Let $B=\{u_1,u_2,\ldots,u_m\}$ be some base of $V$. Then, the vectors $$v_k:=\left\{\begin{array}{ll} \dfrac{\epsilon u_k}{2\lVert Mu_k\rVert} & u_k\not\in\ker M\\ u_k & u_k\in\ker M \end{array}\right.,$$ are linearly independent and: $$\lVert Mv_k\rVert=\frac{\epsilon}{2},$$ for $u_k\not\in\ker_\epsilon M$. Hence $v_k\in\ker_\epsilon M$ for every $k=1,2\ldots,m$.
Supposing that $\ker_\epsilon M$ is a linear subspace of $V$, we have that $\dim\ker_\epsilon M\leq m$. Also, $v_k$ being linerarly independent implies that $\dim\ker_\epsilon M=m$. Since both $V$ and $\ker_\epsilon M$ are both finite-dimensional of equal dimensions with $\ker_\epsilon M\leq V$, we get that $\ker_\epsilon M=V$, which, implies that $\ker M=V$ and, hence $M$ is the zero matrix.
So, "non-trivial" metrics give trivial results (the only matrix that fulfils our "wishes" is the trivial one).
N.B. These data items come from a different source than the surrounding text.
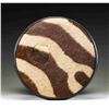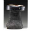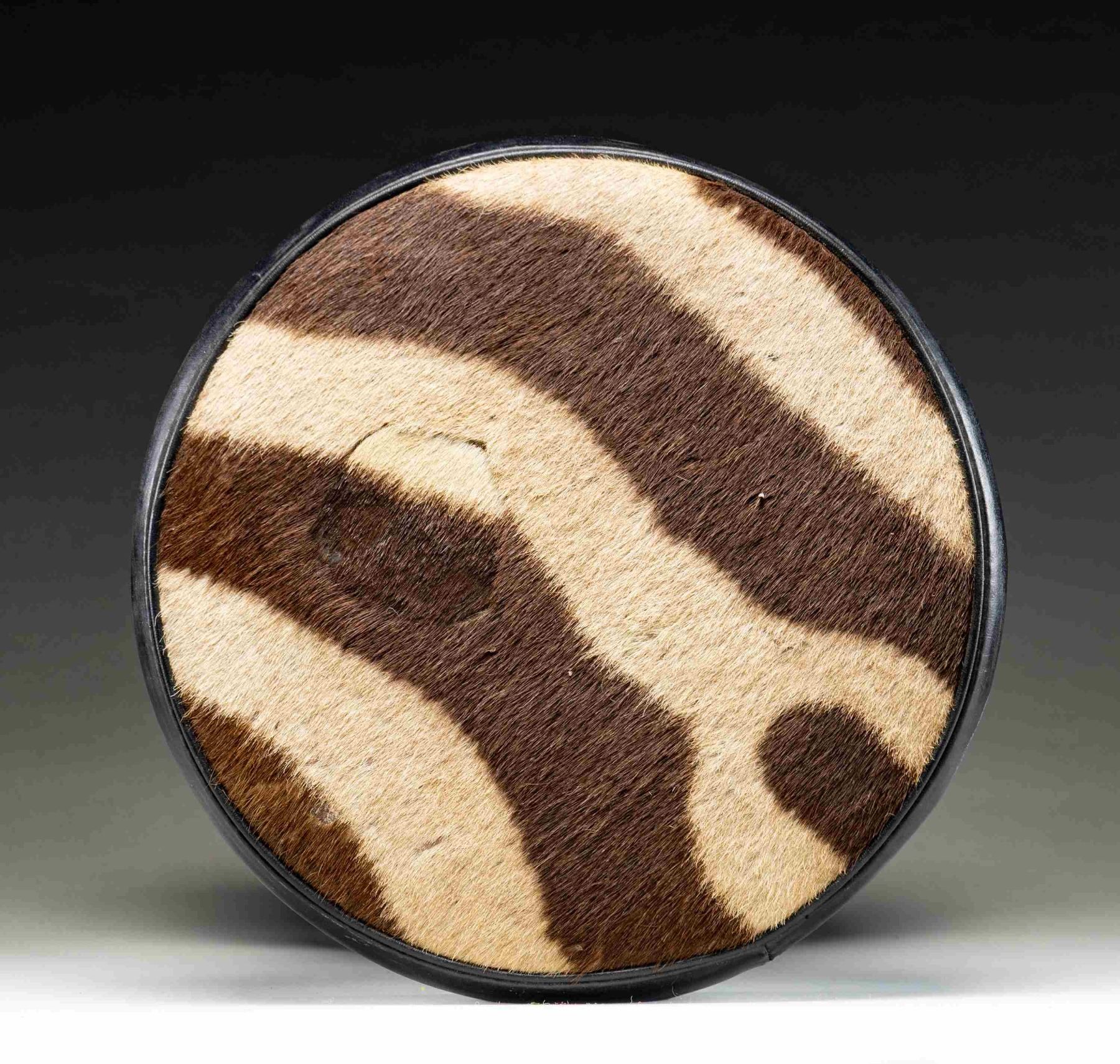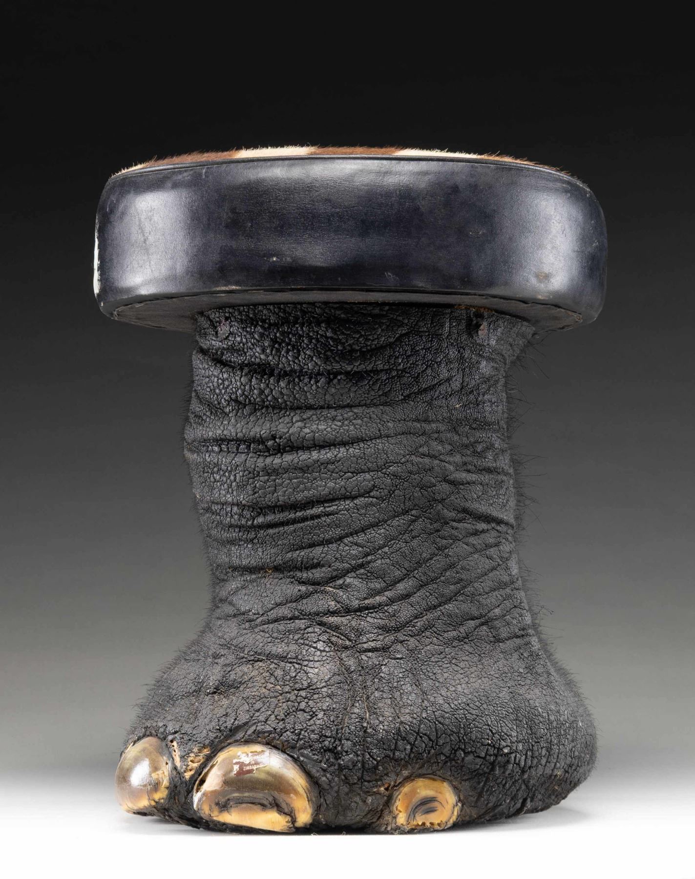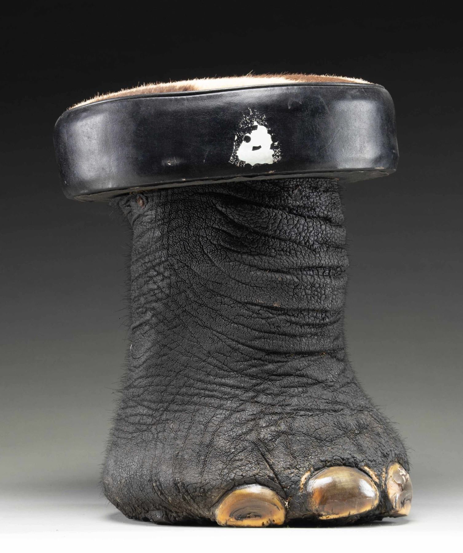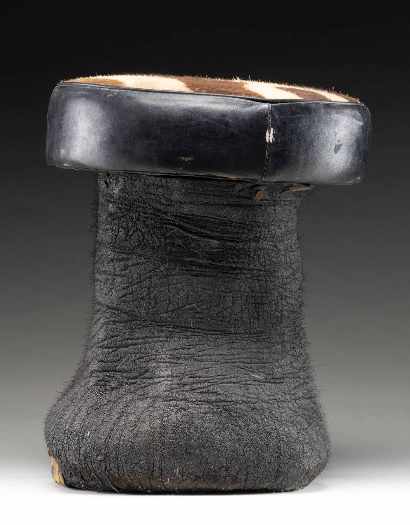 This elephant foot has been made into a sitting stool or foot stool by local craftsmen in India. This example measures approximately 17" in height and approximately 13" in width at the seat. The seat measures approximately 4" in thickness and 42.5" in circumference, with the top covered in stripped brown & white animal hide. The seat is edged in black leather and the foot itself is painted/dyed black. CONDITION: stool has good appearance overall with handling wear. Animal hide shows repaired circular cut. PROVENANCE: from the renowned collection of quality sporting arms from Lewis Drake together with inventory of Lewis Drake Associates. (02-25924-5/MD). NON-GUN. $300-500.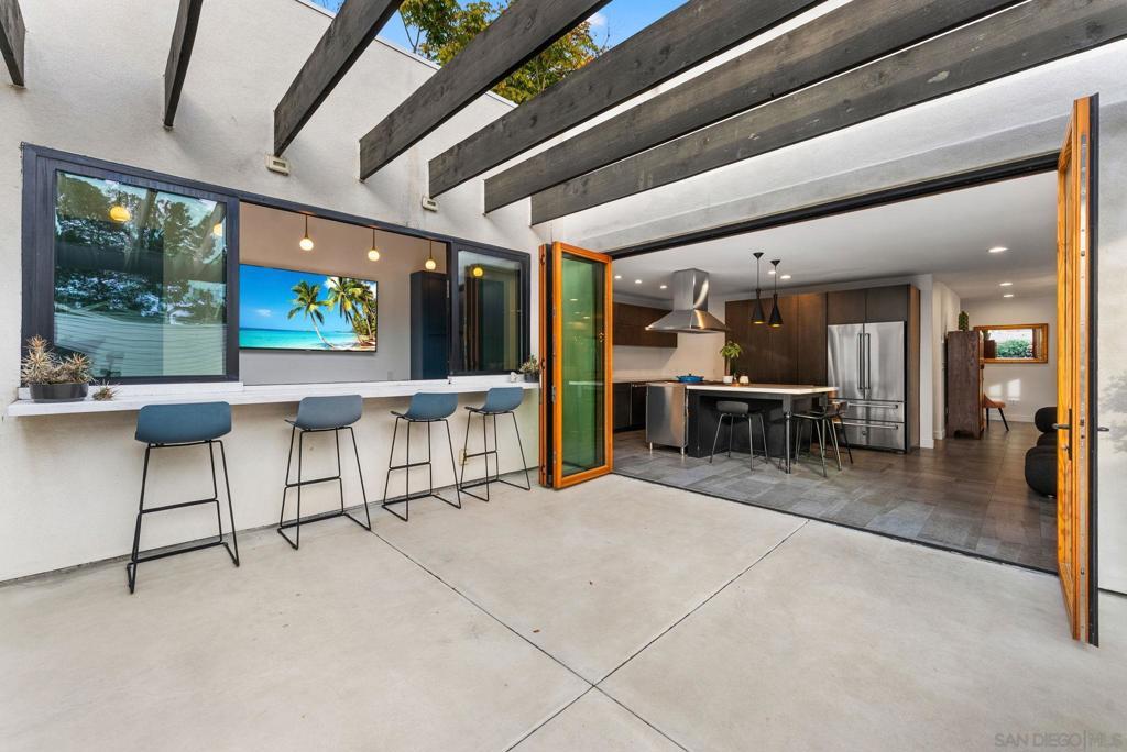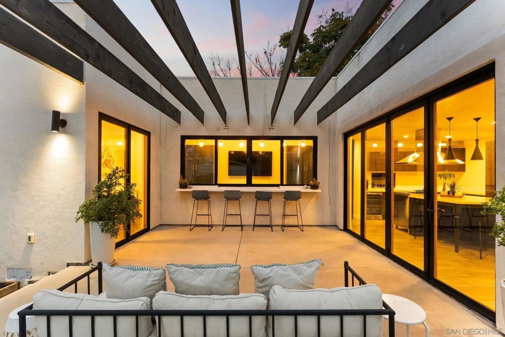 A rare blend of timeless character and elevated design, this Modern Spanish residence in the heart of Normal Heights has been thoughtfully reimagined for today’s lifestyle. Warm natural light, and sleek black-framed windows create a bright, refined feel throughout, complemented by engineered wood flooring and curated finishes. At the center of the home is a showpiece chef’s kitchen featuring Bertazzoni appliances, quartz countertops, custom modern cabinetry, and statement lighting—anchored by a generous island built for effortless entertaining. Designed for true indoor-outdoor living, expansive La Cantina doors open to a private courtyard and backyard retreat complete with an outdoor bar/pass-through window, exposed-beam pergola, café lighting, and a built-in fire pit lounge—perfect for hosting year-round in San Diego’s ideal climate. Additional upgrades include California Closets and designer fixtures by Newport Brass. All set moments from Adams Avenue’s best restaurants, coffee shops, breweries, and neighborhood favorites—this is Normal Heights living at its finest.
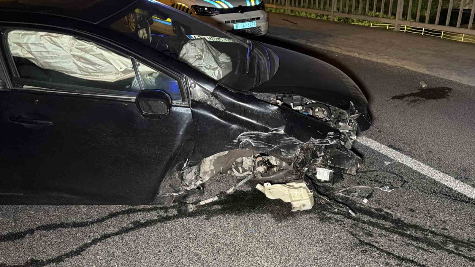 Düzce'de köprü korkuluklarına çarpan otomobilde bulunan 3 kişi yaralanarak hastaneye kaldırıldı.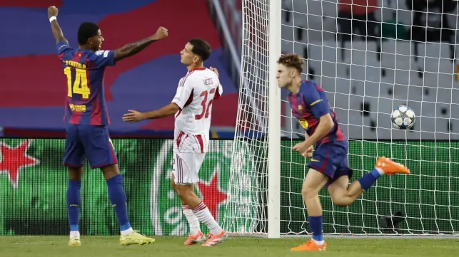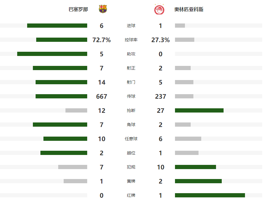 北京时间10月22日凌晨,欧冠联赛阶段第3轮中,巴萨主场6-1击败奥林匹亚科斯,各项赛事两连胜。费尔明上演帽子戏法,拉什福德梅开二度,亚马尔点球破门,卡埃比为客队扳回一城,埃泽被红牌罚下。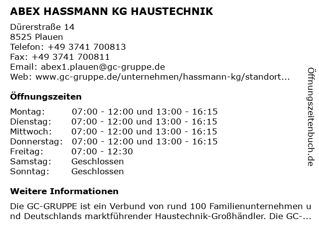 | Öffnungszeiten ABEX HASSMANN KG HAUSTECHNIK in Plauen anzeigen | |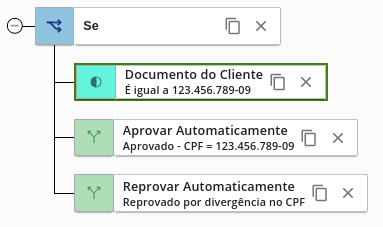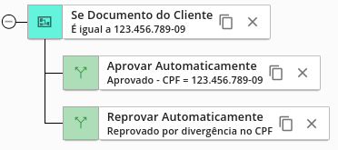 | Configuração da caixa "Campo do Evento Condicional" em que o documento do cliente está sendo analisado para verificar se é igual a "123.456.789-09". | Aqui está um exemplo da estrutura analisada na árvore de regras, em que está sendo avaliado se o CPF do cliente é igual a "123.456.789-09". Se o CPF for igual ao dígito mencionado, o cliente será aprovado, caso contrário será reprovado. |
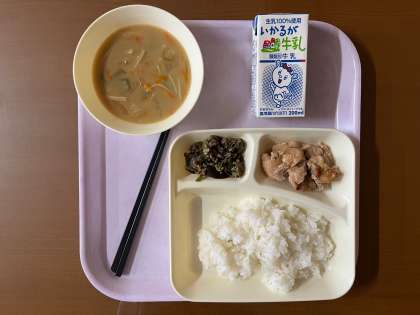 今日の給食は、鶏肉の照り焼き・とうがんの味噌汁・なすのそぼろ炒め・ごはん・牛乳です。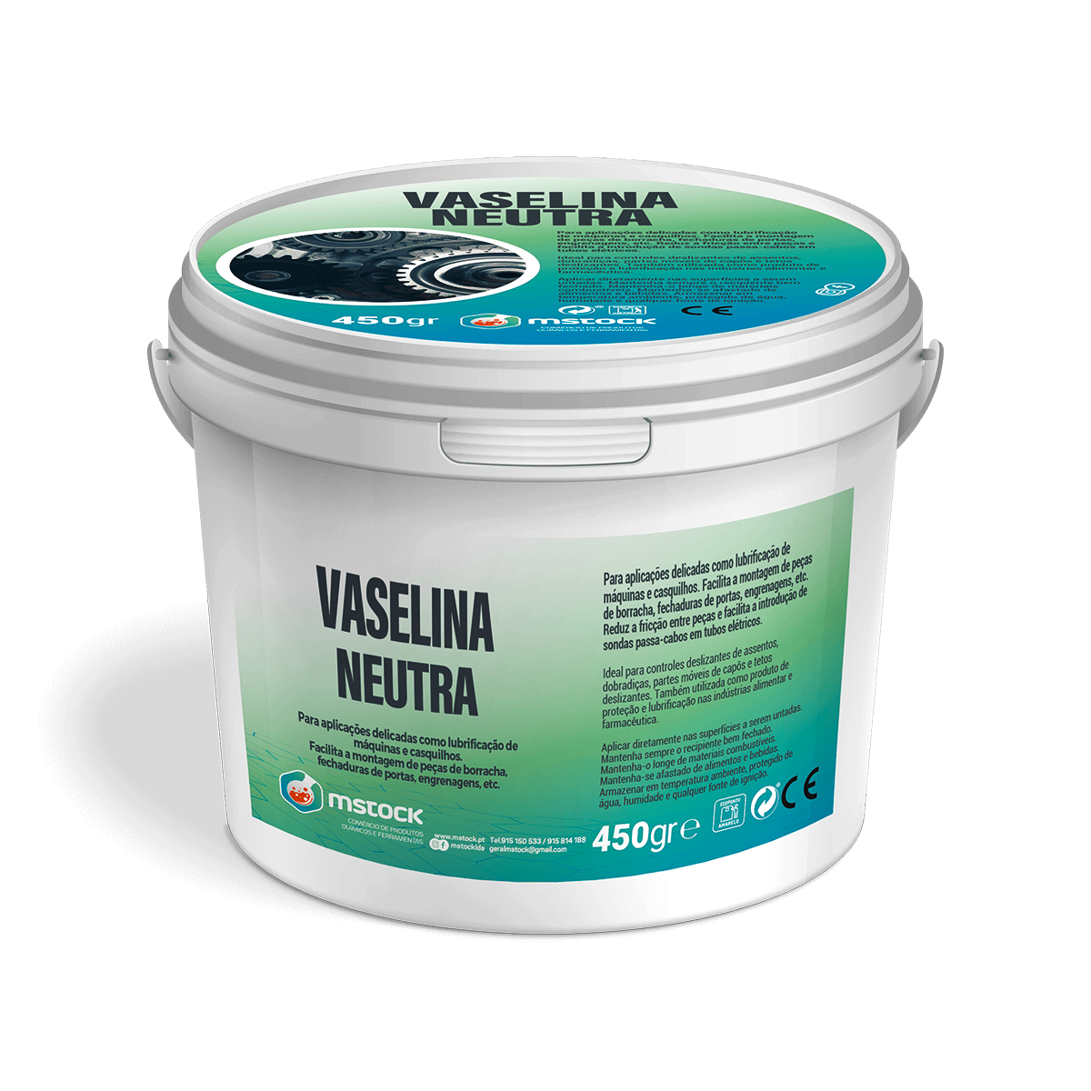 Facilita a montagem de peças de borracha, fechaduras de portas, engrenagens, etc. Reduz a fricção entre peças e facilita a introdução de sondas passa-cabos em tubos elétricos.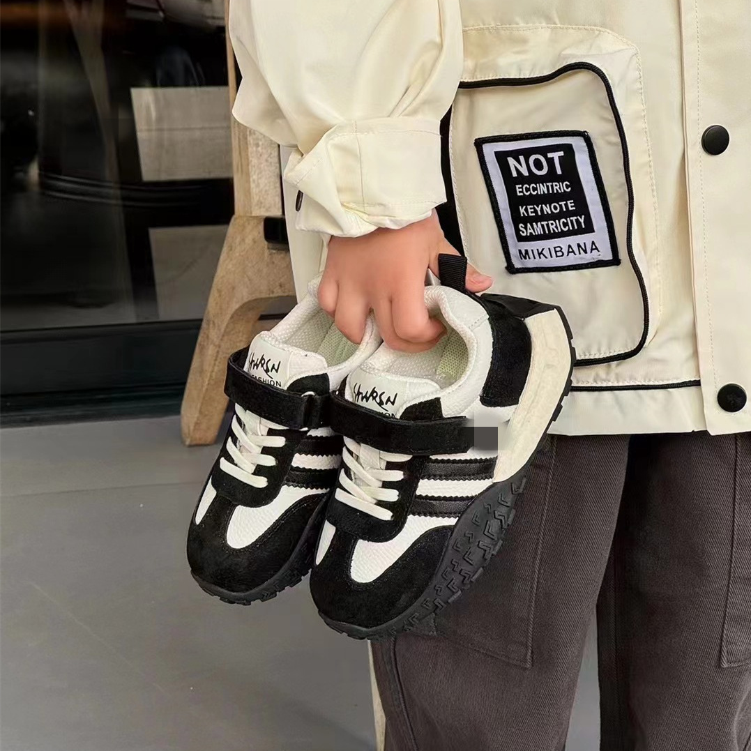 정품 가죽 어린이 운동화 2025 봄과 가을 새 소년 포레스트 검프 아버지 신발 여자 도덕 훈련 신발 아기 신발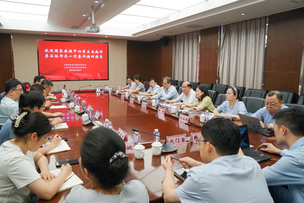 为进一步提升中国疾控中心寄生虫病所业务核心能力,促进全国寄生虫病防治事业高质量发展,2024年6月25日,中国疾控中心寄生虫病所李石柱所长率队赴江苏省寄防所调研交流。李石柱所长一行实地查看了江苏省寄防所实验室、室外蚊虫试验场地、寄生虫病科普馆以及文化水榭长廊等情况。
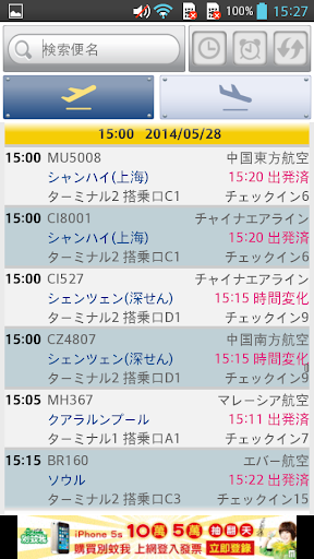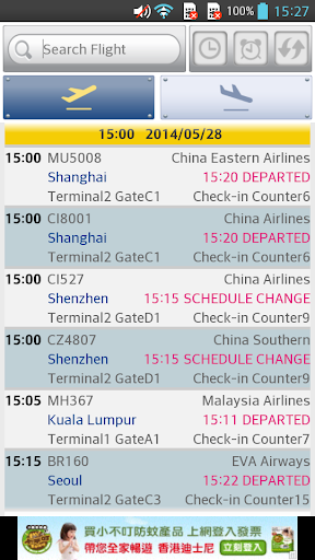 2. 起飛航班列表欄位點選可以設定航班提醒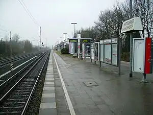 Mittlerer Landweg is a station on the Berlin-Hamburg railway line and served by the trains of Hamburg S-Bahn lines S2 and S21. The station was originally opened in 1842 and is located in the Hamburg district of Billwerder, Germany. Billwerder is part of the Hamburg borough of Bergedorf.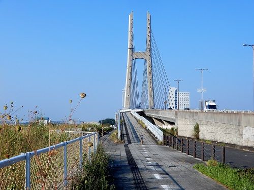 この辺りは田尻町。大阪人たるヤカモチであるが、大阪府内市町村の中に田尻町というのがあるとは知らなかった。目の前に現れた巨大な橋は田尻スカイブリッジ。田尻港の湾の上を通っている橋で両サイドに歩道もあって、歩いても渡れる橋である。夕日が美しいデートスポットとか書かれている記事を見たが、夕日が落ちるまで待っていては熱中症になるというもの。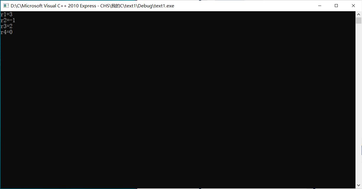 #include<stdio.h> int main() { int x,y; int r1,r2,r3,r4; x=1; y=2; r1=x+y; r2=x-y; r3=x*y; r4=x/y; printf("r1=%d\n",r1); printf("r2=%d\n",r2); printf("r3=%d\n",r3); printf("r4=%d\n",r4); getchar(); return 0; }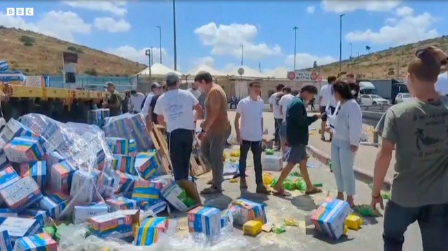 BBC melaporkan ada tujuh truk bantuan yang dirusak oleh demonstran Israel ini. Bahan makanan untuk Gaza telah mereka rusak dan berkarung-karung gandum mereka rusak. Mereka melemparkan bantuan ke jalanan setempat.
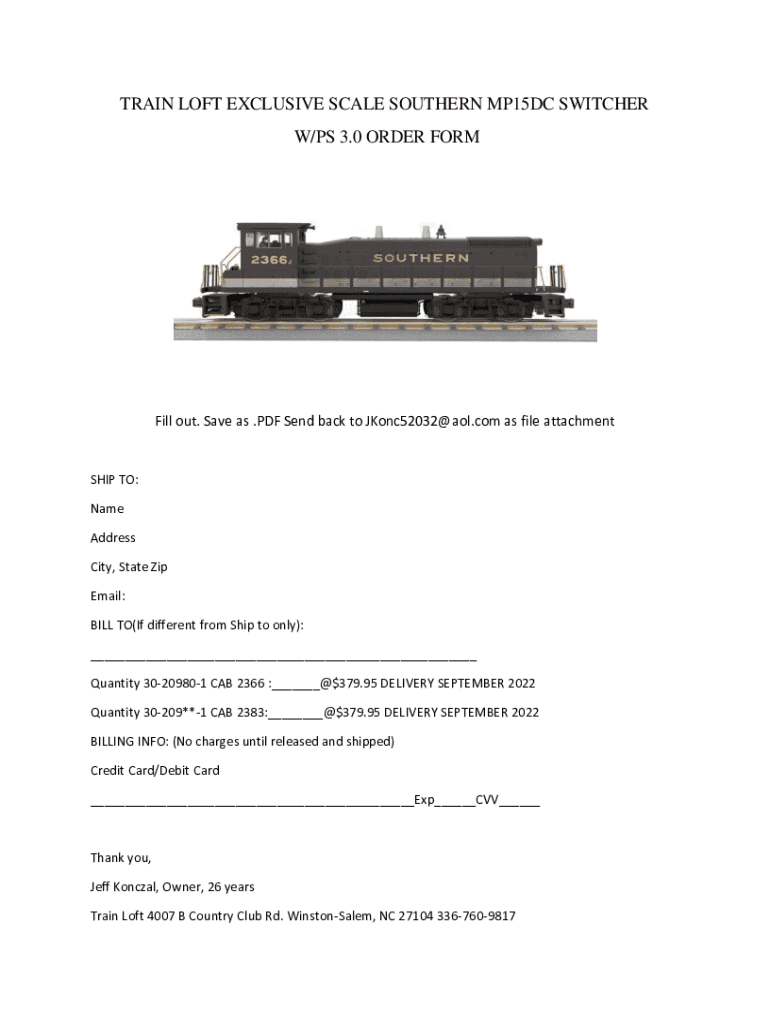 TRAIN LOFT EXCLUSIVE SCALE SOUTHERN MP15DC SWITCHER W/PS 3.0 ORDER Formerly out. Save as .PDF Send back to JKonc52032@aol.com as file attachments TO: Name Address City, State Zip Email: BILL TO(If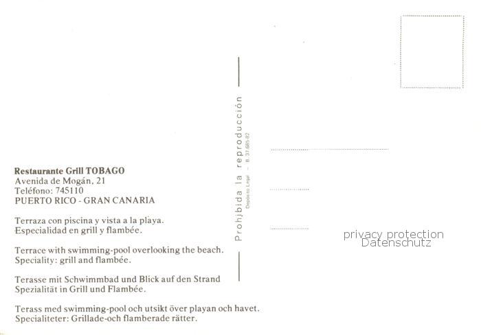 Puerto Rico Gran Canaria ES Restaurant Grill Tobago Gaststube Pavillon postalisch nicht gelaufen Erhaltung siehe scans [WerneD78]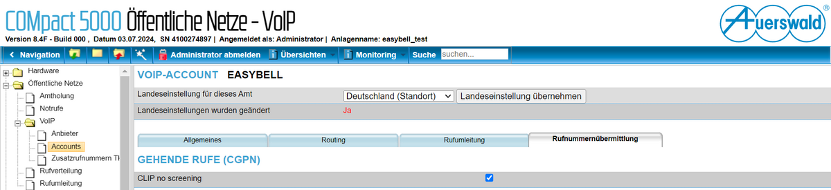 Es erscheint ein neues Fenster. Gehen Sie bitte zum Reiter „Rufnummernübermittlung“ und aktivieren Sie CLIP no screening.

However, what if we demand that $\ker_\epsilon M$ is a non-trivial linear subspace of $V$, with $M\neq0$? Of course, from the above it is obvious that $d$ is not derived from any norm. Before starting, note that one metric that is "almost" (no pun intended) what we would wish is the discrete metric: $$\delta(x,y)=\left\{\begin{array}{ll} 1 & x\neq y\\ 0 & x=y \end{array}\right..$$ Indeed, for $\epsilon<1$ $\ker_\epsilon M=\{0\}$ and for $\epsilon\geq1$, $\ker_\epsilon M=V$ - which are trivial subspaces of $V$, however.